Identify Strengths and Weaknesses:

It identifies the strengths and weaknesses within the organization. It also can be defined as SWOT analysis which has the remaining two components i.e. Strengths and Weaknesses. Strengths are internal activities being done well by an organization which helps an organization to achieve its goal. And the weaknesses are the activities that not being done by an organization which is unfavourable for the organization to achieve its goal.

Reassess the Organization’s Mission and Objectives:

Reassessing the organization’s mission and objectives helps to review the firm’s current performance and also to take better actions for the success of the organization. It defines as SMART which means Specific, Measurable, Achievable, Realistic, and Timeframe.

Formulate Strategies:

Formulation Strategy is the process of determining appropriate courses of action for achieving organizational objectives. It follows the decision making process. It can be further describes by Michael Porter’s generic strategies, which are; a) Cost Leadership, b) Differentiation, and c) Focus.

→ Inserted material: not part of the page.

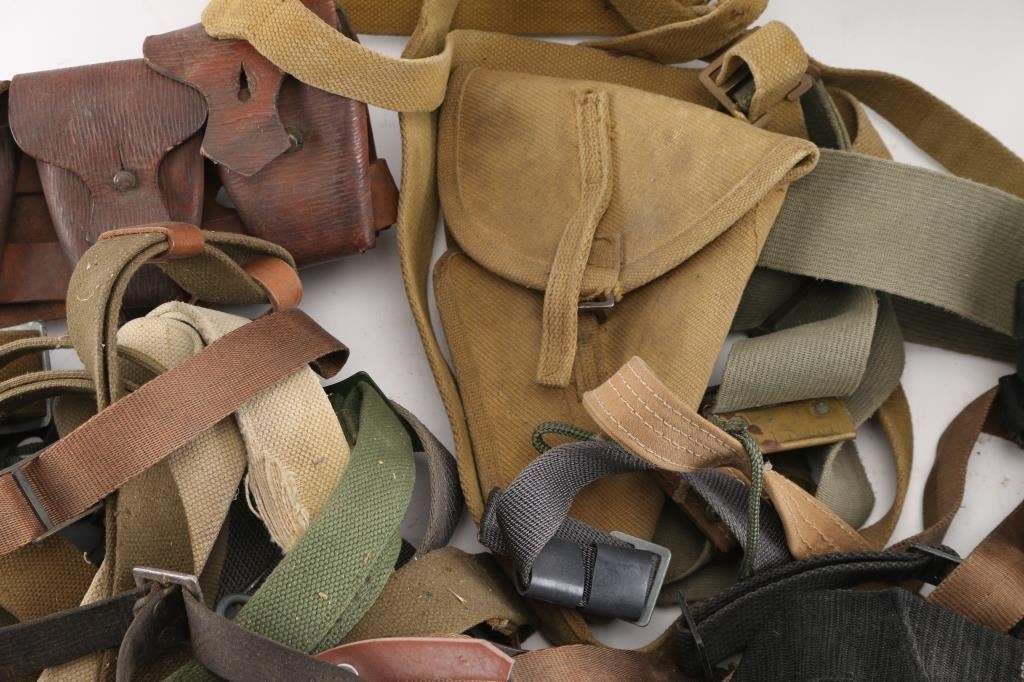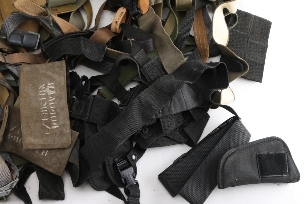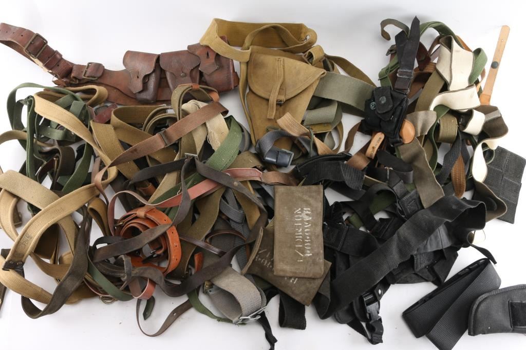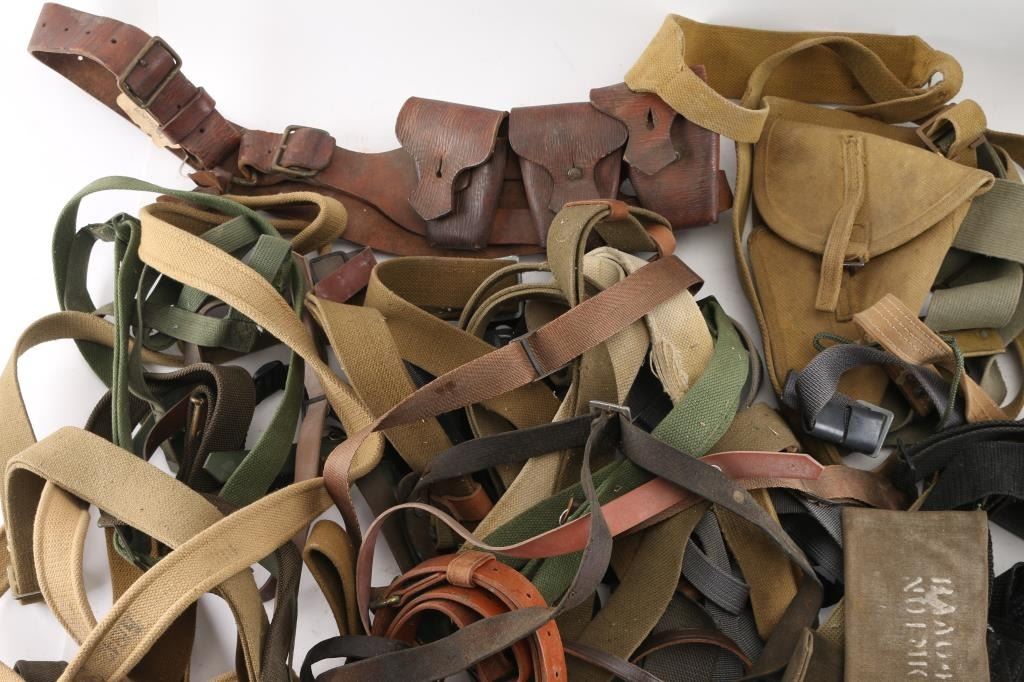 Assortment of leather, web/canvas, nylon slings for various rifles. Mostly used, from fair to good condition. Includes some ammo pouches & shoulder harnesses.

These generic strategies each have attributes that can serve to defend against competitive forces. The following table (fig 1.2) compares some characteristics of the generic strategies in the context of the Porter’s five forces:

Implement Strategies:

It is the process of distributing resources and putting strategies into an action to achieve its goal and objectives. When the strategies are executed within the organization, it focuses on the process through which strategies are achieved.

Evaluate Results:

It controls the process to determine the effectiveness of a strategy. An organization can evaluate results by reviewing the process, adjusting the mission and objectives and strategies, and by initiating the corrective measures.

CONCLUSION:

In the nutshell, I would like to say the above mentioned topics clearly identify that the organizational design and the strategic management process are the important parts of the management to start a business and to achieve its goals and objectives. All six elements of the organizational design helps in forming a business and all nine steps in strategic management process are essential to achieve a firm’s objectives.